*Task item*
The answer is the exact run of lines in the listing below from the line containing "Готовые домашние задания" up to and including the line containing "Ausflug nach Tapfheim", with pictures removed.

*Available records*
※
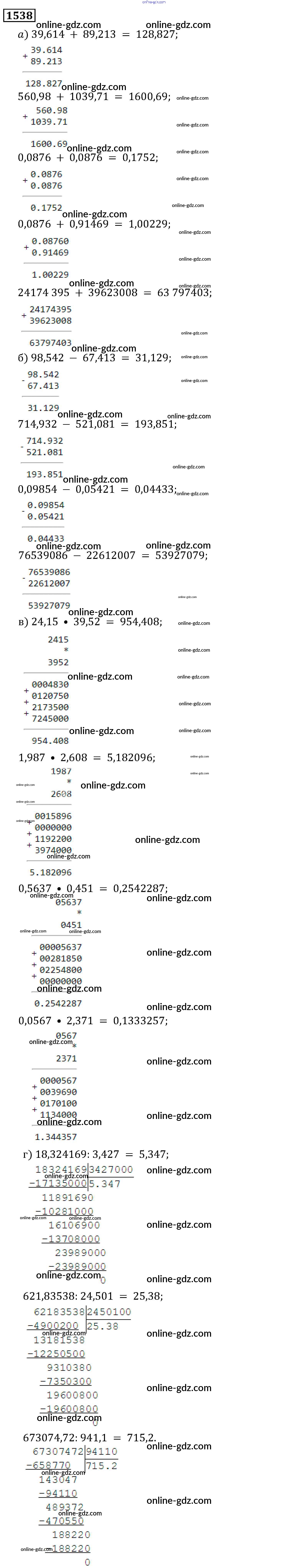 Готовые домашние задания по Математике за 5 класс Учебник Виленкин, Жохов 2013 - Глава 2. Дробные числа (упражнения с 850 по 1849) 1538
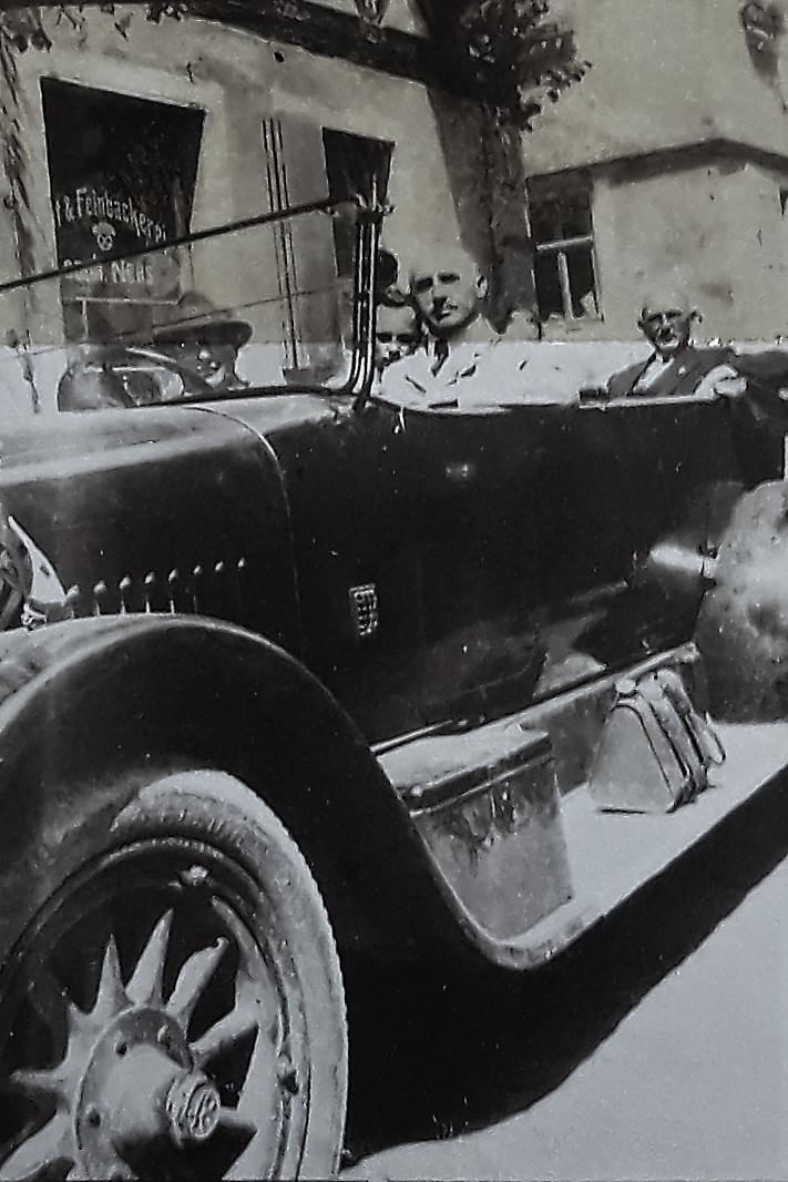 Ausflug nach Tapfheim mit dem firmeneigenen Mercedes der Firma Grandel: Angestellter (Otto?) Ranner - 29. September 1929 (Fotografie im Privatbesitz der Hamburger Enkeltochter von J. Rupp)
※
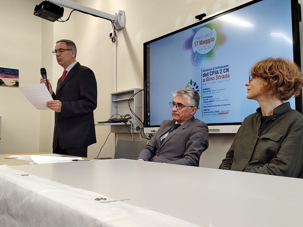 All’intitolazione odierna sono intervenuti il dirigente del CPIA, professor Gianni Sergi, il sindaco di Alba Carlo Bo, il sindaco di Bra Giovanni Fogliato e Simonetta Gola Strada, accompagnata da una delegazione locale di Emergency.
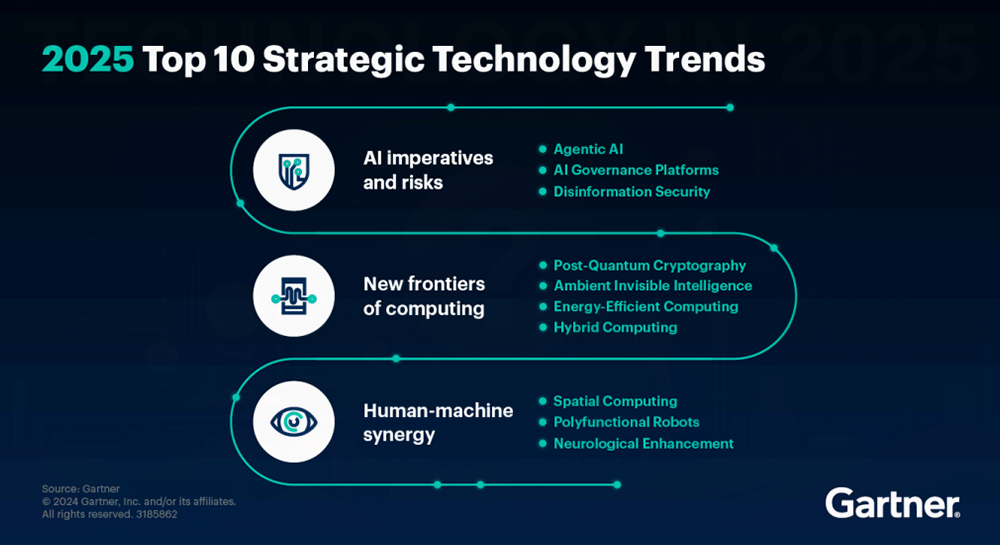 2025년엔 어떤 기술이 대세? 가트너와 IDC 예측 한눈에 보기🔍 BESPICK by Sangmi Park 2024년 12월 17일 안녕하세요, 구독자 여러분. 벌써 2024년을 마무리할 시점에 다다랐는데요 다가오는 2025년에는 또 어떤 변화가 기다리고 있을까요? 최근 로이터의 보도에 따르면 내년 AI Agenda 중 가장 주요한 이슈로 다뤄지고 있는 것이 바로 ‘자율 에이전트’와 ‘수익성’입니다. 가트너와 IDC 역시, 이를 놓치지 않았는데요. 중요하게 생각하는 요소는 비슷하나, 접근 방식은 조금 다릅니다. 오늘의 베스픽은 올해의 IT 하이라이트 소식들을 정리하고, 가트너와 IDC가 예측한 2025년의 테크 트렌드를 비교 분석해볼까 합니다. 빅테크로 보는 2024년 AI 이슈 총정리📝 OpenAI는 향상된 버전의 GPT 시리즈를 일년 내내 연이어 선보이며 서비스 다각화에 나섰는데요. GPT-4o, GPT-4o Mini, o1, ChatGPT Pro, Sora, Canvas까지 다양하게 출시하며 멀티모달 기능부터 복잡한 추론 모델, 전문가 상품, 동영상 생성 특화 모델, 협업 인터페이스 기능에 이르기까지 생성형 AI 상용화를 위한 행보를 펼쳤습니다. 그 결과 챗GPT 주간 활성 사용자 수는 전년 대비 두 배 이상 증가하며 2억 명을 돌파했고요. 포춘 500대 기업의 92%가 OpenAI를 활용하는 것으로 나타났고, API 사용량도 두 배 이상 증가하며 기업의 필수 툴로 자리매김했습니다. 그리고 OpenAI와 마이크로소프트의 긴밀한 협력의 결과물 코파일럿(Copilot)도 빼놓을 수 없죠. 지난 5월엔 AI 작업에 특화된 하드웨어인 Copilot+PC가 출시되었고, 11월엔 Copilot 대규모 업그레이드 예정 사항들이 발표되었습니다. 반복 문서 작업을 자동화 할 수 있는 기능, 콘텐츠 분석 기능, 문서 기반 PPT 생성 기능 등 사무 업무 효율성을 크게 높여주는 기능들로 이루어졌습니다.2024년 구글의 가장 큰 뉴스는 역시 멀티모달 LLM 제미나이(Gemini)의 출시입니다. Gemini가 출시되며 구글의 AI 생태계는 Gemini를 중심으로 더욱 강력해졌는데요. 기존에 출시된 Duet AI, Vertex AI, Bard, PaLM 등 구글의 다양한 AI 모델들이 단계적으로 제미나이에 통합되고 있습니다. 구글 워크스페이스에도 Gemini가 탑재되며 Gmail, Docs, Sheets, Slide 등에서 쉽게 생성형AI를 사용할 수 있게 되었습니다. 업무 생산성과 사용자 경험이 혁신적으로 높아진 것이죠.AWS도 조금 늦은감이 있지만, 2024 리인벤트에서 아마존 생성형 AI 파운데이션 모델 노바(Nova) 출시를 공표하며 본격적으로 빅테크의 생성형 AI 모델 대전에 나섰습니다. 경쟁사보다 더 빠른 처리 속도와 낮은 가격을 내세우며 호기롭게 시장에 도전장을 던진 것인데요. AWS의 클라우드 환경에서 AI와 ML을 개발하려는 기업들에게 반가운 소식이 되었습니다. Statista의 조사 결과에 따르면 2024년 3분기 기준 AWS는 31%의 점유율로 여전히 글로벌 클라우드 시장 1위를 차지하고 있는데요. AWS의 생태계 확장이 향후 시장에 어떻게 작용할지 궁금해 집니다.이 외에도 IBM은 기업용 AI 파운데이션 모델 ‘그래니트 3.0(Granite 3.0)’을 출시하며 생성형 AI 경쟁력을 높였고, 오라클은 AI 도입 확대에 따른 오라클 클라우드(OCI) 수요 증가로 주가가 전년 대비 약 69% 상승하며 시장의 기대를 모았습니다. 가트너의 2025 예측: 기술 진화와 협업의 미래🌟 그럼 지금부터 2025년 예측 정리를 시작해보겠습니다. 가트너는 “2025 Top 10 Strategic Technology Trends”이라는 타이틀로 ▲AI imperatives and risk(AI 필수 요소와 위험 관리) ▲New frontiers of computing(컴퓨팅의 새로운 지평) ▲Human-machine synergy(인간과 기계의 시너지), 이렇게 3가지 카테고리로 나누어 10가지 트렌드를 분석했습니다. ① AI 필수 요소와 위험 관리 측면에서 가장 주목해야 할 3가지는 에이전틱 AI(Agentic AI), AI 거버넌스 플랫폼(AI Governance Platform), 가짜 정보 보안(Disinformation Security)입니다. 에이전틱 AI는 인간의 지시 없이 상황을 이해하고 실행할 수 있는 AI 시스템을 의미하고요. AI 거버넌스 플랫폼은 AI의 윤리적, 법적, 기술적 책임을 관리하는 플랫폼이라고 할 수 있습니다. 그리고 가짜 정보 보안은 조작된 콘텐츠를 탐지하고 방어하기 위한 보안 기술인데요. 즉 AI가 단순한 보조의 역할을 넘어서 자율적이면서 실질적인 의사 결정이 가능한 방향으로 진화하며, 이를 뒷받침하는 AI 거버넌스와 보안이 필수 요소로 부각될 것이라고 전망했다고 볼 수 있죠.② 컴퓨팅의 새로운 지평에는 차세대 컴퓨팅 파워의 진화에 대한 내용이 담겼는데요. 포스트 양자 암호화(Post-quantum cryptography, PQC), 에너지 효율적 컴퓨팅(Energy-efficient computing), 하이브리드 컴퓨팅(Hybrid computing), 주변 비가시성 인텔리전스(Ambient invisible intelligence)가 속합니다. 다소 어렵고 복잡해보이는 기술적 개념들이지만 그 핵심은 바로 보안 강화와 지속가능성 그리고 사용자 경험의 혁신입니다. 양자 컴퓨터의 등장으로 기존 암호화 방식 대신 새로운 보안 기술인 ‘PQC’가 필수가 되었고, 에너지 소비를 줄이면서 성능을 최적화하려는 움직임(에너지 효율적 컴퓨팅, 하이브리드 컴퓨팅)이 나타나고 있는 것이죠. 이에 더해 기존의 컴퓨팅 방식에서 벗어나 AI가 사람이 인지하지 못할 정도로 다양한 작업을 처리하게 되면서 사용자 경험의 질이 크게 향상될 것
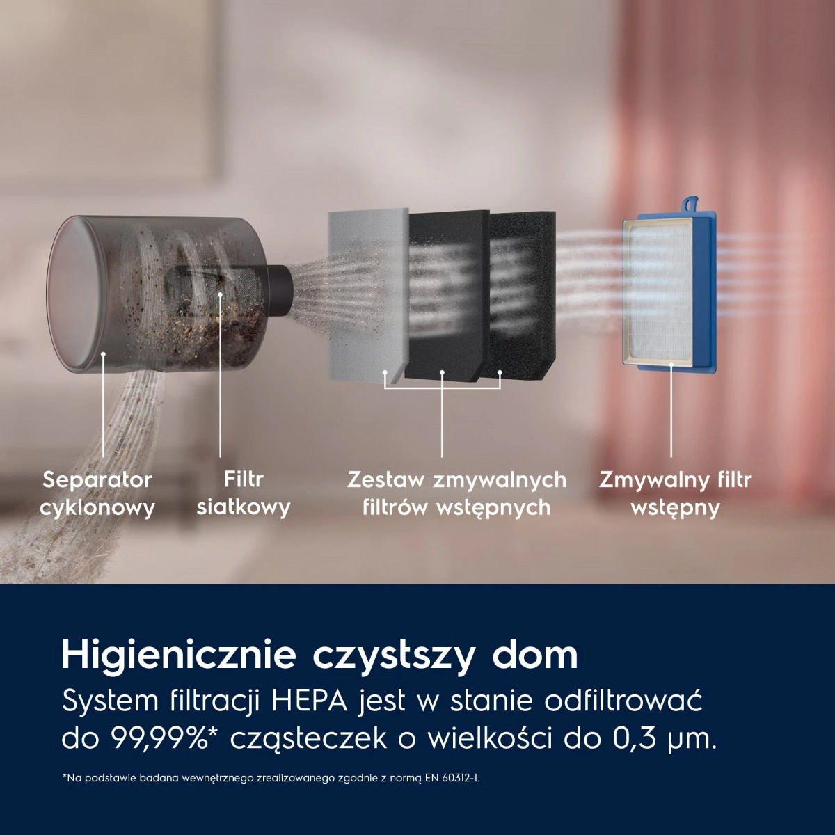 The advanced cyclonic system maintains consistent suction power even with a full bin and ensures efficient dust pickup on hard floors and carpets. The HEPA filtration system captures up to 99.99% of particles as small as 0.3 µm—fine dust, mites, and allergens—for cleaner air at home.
※
*Answer for the task*
 Готовые домашние задания по Математике за 5 класс Учебник Виленкин, Жохов 2013 - Глава 2. Дробные числа (упражнения с 850 по 1849) 1538
 Ausflug nach Tapfheim mit dem firmeneigenen Mercedes der Firma Grandel: Angestellter (Otto?) Ranner - 29. September 1929 (Fotografie im Privatbesitz der Hamburger Enkeltochter von J. Rupp)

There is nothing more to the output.